I am completely unfocused today. Not that I have so much work to be focused on. But hell, I can't even focus long enough to finish a complete bloggable thought. So, that being the case, I started day-dreaming about my weekend. I need to clean and wash and pick up dry cleaning. What I need is a house-keeper and an assistant. I just need the house-keeper to come in once and get my stuff more managable. Because for real, right now it's not.
I have three laundry hampers in my house and a cleaners bag. One is in the bathroom for towels, the other two are in my bedroom walk-in closet. One for whites, one for colors. And there's the cleaners bag--pretty self explainatory. It's not the washing I detest. It's the folding. It's so tedious! I'm trying ot hype myself up. But I've been trying to do that for the past few days.
The kitchen? Dishes in the sink, not many because it's only me eatting. The dishwasher? Full of clean dishes. The oven? A mess, by my standards. The floor? There's nice pile of of stuff I swept up. But I was so uninspired that I left the pile there and positioned the broom and duskpan up against the wall, beside where I'd placed the bucket and mop.

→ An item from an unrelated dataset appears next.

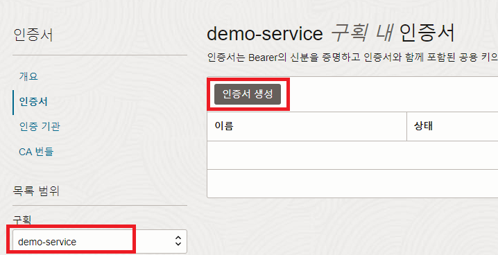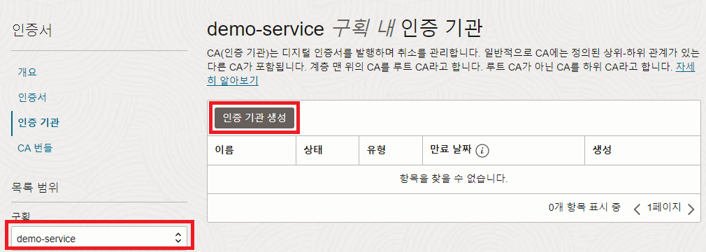 이름을 추가해줍니다. (예: demo-certificate-authority)
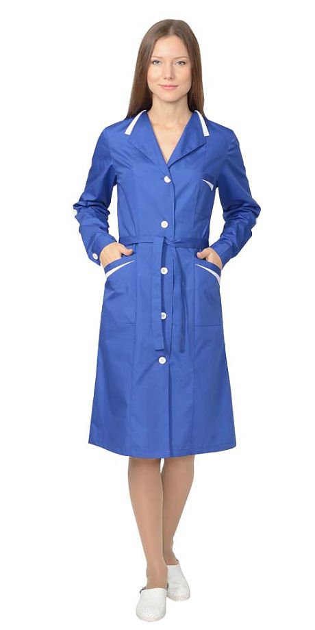 Тк. смесовая, 65%-п/э, 35%-х/б, 120 г/кв.м. Халат женский полуприлегающего силуэта, укороченный, с центральной бортовой застежкой на пуговицы, без воротника с лацканами с отделочной деталью, с нагрудным и нижними накладными карманами. Рукава длинные, регулируемые по длине при помощи хлястика из ткани отделка и пуговицы. Халат с завязывающимся спереди поясом. ГОСТ 12.4.131-83

Luckily, the living and dinning parts of tidy.
That being said, I am not really excited about cleaning anything this weekend. I want to be out among the people. Out sucking up the last bit of good weather. In this area, one day it's 75, the next it's 50! No in between. No gradual decline in temp. One day warm. Next day cold!
I went out Friday night. I went out hard. HARD. Was I wearing my best? Nope. Just jeans and a top that makes men think of lingerie. I was on fire. I was just shy of signing autographs!! I met a few men. Nothing to write home, or on the blog about. But I will give you a brief bit about each. One was old and there's a funny story about him. I walked up to the bar, but I couldn't get the bartender's attention so I tap this gentleman on the shoulder and ask if he could help me. This was not one of those times where I was trying to get a free drink. BUT, when he got the bartender's attention, he askd what I wanted and when I said water, he tried to push a drink on me--a drink he was buying.
I get my water and we start chatting. Then out of nowhere, another man swoops in and takes over the conversation. I'm drunk--hence the water. I talk to them both, kinda seemed like dicks
. To make along story short, the second guy was the first guy's brother. Second guy says, "OK. Choose...Which one of us do you want?"
Want?? I burst into a fit of uncontrolable laughter. Right there in their faces. Have you guys ever heard of such a thing. Mind you, before the second guy said "Choose," They'd both given me their contact information. I took it with no intentions of ever calling either of them.
Then there was another guy. I danced with him and gave him my number. I was clearly drunk because I gave him my home number. He called that night, the next day and so on. I did finally speak to him. Not interesting at all. I'll tell him something to make him not call but not anything mean because he's close with friends of mine.
The third guy was another one from a water trip to the bar. I think he's called but he refuses to leave a message. I don't remember his name either. But he did have good teeth.